Alors que les personnes fuyant les zones aux mains de Boko Haram, y compris les mineurs, sont « contrôlées » par l’armée et la Force d’intervention civile conjointe, beaucoup se voient infliger au cours de ce processus des actes de torture afin de les contraindre à « avouer » leur appartenance à Boko Haram. Les membres et sympathisants présumés de Boko Haram sont ensuite transférés et détenus, pendant des mois voire des années, dans des centres de détention où les conditions sont sordides, notamment à la caserne de Giwa et sur la base militaire de Kainji, dans l’État du Niger. Surpopulation extrême, absence de ventilation sous une chaleur étouffante, omniprésence de parasites, absence de toilettes, les témoignages que nous avons relevé coïncides et dépeignent des situations de détention extrêmes. Bien que quelques améliorations aient été apportées ces dernières années, de nombreux anciens détenus, dont des mineurs, étaient loin de bénéficier d’un accès suffisant à de l’eau, de la nourriture et à des soins médicaux.

Bien que des libérations massives ont eu lieu fin 2019 et début 2020, de nombreux mineurs y sont encore détenus et nous estimons qu’au moins 10 000 personnes, dont de nombreux mineurs, sont mortes en détention pendant le conflit. Nous estimons qu’au regard des protections spéciales prévues pour les enfants par le droit international humanitaire et le droit international relatif aux droits humains, les enfants ne devraient être placés en détention qu’en « tout dernier ressort ».

L’éducation comme solution

Il est impératif que les forces armées nigérianes libèrent tous les mineurs détenus arbitrairement et mettent un terme aux autres violations qui semblent destinées à punir des milliers d’enfants. Un engagement en faveur de l’éducation et du rétablissement psycho-social des enfants pourrait ouvrir une nouvelle voie dans le nord-est du pays.

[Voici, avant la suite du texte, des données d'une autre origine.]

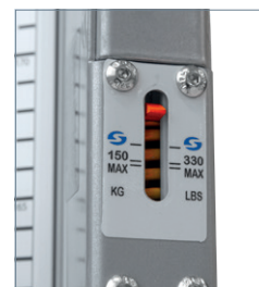
Net tension indicator

En effet, le manque d'accès à l’éducation dans cette région est important. Environ 25% seulement des enfants de l'État de Borno sont scolarisés. Dans certains endroits, les écoles ne sont pas accessibles. Dans d'autres, ce sont d’autres facteurs qui privent la plupart des enfants d'une éducation : la distance nécessaire pour se rendre à l'école, les coûts, les conditions de déplacement qui poussent les enfants au travail, et la détention militaire prolongée des enfants ou de leurs parents. On note également que même pour les enfants déplacés qui sont à l'école, et en particulier ceux qui fréquentent les écoles des camps de personnes déplacées, le droit à l'éducation n'est souvent pas respecté. En effet, les classes accueillent un nombre énorme d'élèves, les enseignants ne se présentent pas régulièrement, ce qui limite alors l’enseignement.

 

En France, nous poursuivons nos actions de plaidoyer auprès de nos institutions, afin qu’elles usent de leur influence auprès de leurs homologues nigérians et du président Muhammadu Buhari pour empêcher la poursuite de ces pratiques criminelles. Il est urgent de libérer, à l'exception de rares cas, tous les enfants détenus dans les prisons et centres liées au conflit dans le nord-est du Nigéria. En parallèle, la promotion de l'accès à l'éducation auprès des enfants déjà victimes des crimes perpétrés par Boko Haram doit s’accélérer. Les frais de scolarité et tous les autres coûts liés à la scolarité doivent être supprimés et la mise en place de programmes psychosociaux adaptés aux besoins de ces enfants et accessibles de manière équitable ne doit plus se faire attendre.